Waitewaewae Hut to Parawai Hut
10k
I feel refreshed this morning, although the mattresses in the huts are thin enough I can’t sleep on my side without my hips aching and legs tingling.
We walk along the Waitewaewae River a short bit- very short. It’s a wonderful river! Then, true TA-style, we start toiling uphill for the the apparent sole purpose of skidding back down. Since yesterday was short, I feel fresh this morning, and the ups and downs are close enough together that each provides relief from the previous, so I feel fast. The mossy trees and streams tucked into the folds of the land are lovely.
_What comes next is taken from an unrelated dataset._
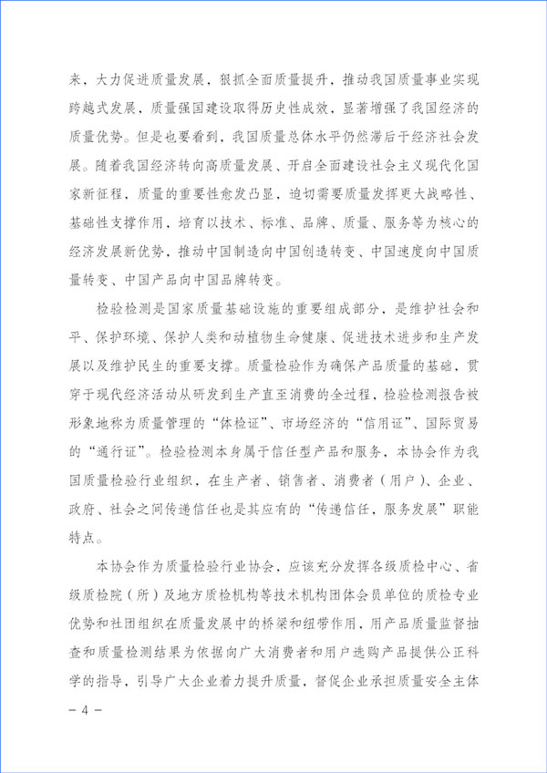 本協(xié)會(huì)作為質(zhì)量檢驗(yàn)行業(yè)協(xié)會(huì),應(yīng)該充分發(fā)揮各級(jí)質(zhì)檢中心、省級(jí)質(zhì)檢院(所)及地方質(zhì)檢機(jī)構(gòu)等技術(shù)機(jī)構(gòu)團(tuán)體會(huì)員單位的質(zhì)檢專業(yè)優(yōu)勢(shì)和社團(tuán)組織在質(zhì)量發(fā)展中的橋梁和紐帶作用,用產(chǎn)品質(zhì)量監(jiān)督抽查和質(zhì)量檢測結(jié)果為依據(jù)向廣大消費(fèi)者和用戶選購產(chǎn)品提供公正科學(xué)的指導(dǎo),引導(dǎo)廣大企業(yè)著力提升質(zhì)量,督促企業(yè)承擔(dān)質(zhì)量安全主體作用,倡導(dǎo)企業(yè)自覺履行社會(huì)責(zé)任,并切實(shí)運(yùn)用輿論宣傳作用,向全社會(huì)提供公正可靠的質(zhì)量信息和消費(fèi)信息,傳遞質(zhì)量信任,引導(dǎo)質(zhì)量消費(fèi),有效幫助消費(fèi)者選擇高標(biāo)準(zhǔn)高質(zhì)量產(chǎn)品,助力質(zhì)量供給側(cè)結(jié)構(gòu)性改革,抓好質(zhì)量提升,推進(jìn)質(zhì)量強(qiáng)國建設(shè)。

There are a few notes in GPS app that are confusing- they give warnings to go a different trail route than the TA marked as going down Saddle Creek to avoid ‘dangerous slips.’ Is this another case of people being unnecessarily cautious? Or is this an instance of having to turn around because we literally won’t be able to get through? There’s such a wide range of what people consider dangerous and impossible, it can be hard to suss out what is habitually repeated hype, and what is plain fact. We keep an eye out for a split in the trail, and Bro almost goes berserk when Prana misses the pileup of markers.
We decide to go the new route. I’m 90% sure the weekenders we met yesterday came the old route, which means it is perfectly passable, but that 10% could more than double the struggle of the day. I guess we will never know about the lower route, but the new route was no treat. There were trees down everywhere, grabby vines, annoying sidehill footing. At one point Bro steps on a pile of logs and debris and falls through up to his hip. “Um, I think I’m stuck,” he calls to Prana. Prana hauls him out. But any and all of this can be worth it if it is beautiful. It is just not. It is a small, unaesthetic, messy woods.
The effort continues for a couple of hours until we finally pop out on an old tramway, which is wide, flat, gently inclining, and replete with the old iron side rails. We follow this along, up around a land slip, then down to a suspension bridge. Our maps show a straight line trail through the meadow to the hut, but weirdly there’s a huge mown well travelled trail to the left, a huge mown well travelled trail to the right, and a tiny barely discernible use trail going straight forward. We follow this on blind faith, and it indeed morphs into an overgrown trail on some kind of raised and packed embankment. We tumble out at the hut, and dump our packs and ourselves on the porch just as it begins to rain.
We decide it’s as good a time for lunch as any, and the rain waxes and wanes between drizzle and torrent while we eat. We find ourselves waffling on the same decision we were yesterday: I want to keep hiking, Prana is uncertain but leans toward staying. The Purea Hut is dirty, not very inviting. The hut grounds are accessible by car, therefore noisy and filled with people. Now that we are out of the Tararuas, I feel as though the North Island is as good as finished; there’s no longer a section that is captivating my imagination and I’m anxious to get the last road-filled section through Wellington out of the way and tidily checked off. I’ve got the mindset and momentum to burn a big day after our half day yesterday, but for multiple reasons Prana wins the compromise to remain. I plug in my headphones and work on journaling.
Prana invites me to go swim with him before dinner, and just as we step out the rain starts again. It serves to clear out the swimmers, and when the sun pops out we have the swimming hole to ourselves.
It’s just as clear as yesterday’s, and almost as deep; it’s also warmer. I could get used to a swimming hole a night. I may even get over that nagging irrational fear.
As we are all preparing dinner, Super Mario points out that it could be out last evening all together, or at least one of them. A sadness creeps in- I knew that we couldn’t hike together for the whole rest of the trail, but I thought we would at least be leap frogging and path crossing for almost all of it. Bro plans to keep hiking with Prana and I, but Mario and Peach will be taking more days than us to prepare for the South Island, and also slowing down by two weeks to ensure meeting up with Princess Peach’s brother. While I have moments where I struggle acting within a group context, I love this group, and those struggles are more than surpassed by the amazing warmth and laughter and shared experience of this crazy game. I don’t want this to be the last night. We make plans to do go to the Coromandel and visit John together after the trail- even if we won’t hike together, we will still have time together to look forward to.
We all set up our tents and crawl in, no one desiring to stay in the hut. It’s nice to be back in our happy blue home; it strikes me that it has been over a week of nights since pitching. It’s delightfully warm, and I sink into the comfort of my blow up pad while my body and my mind finally relax.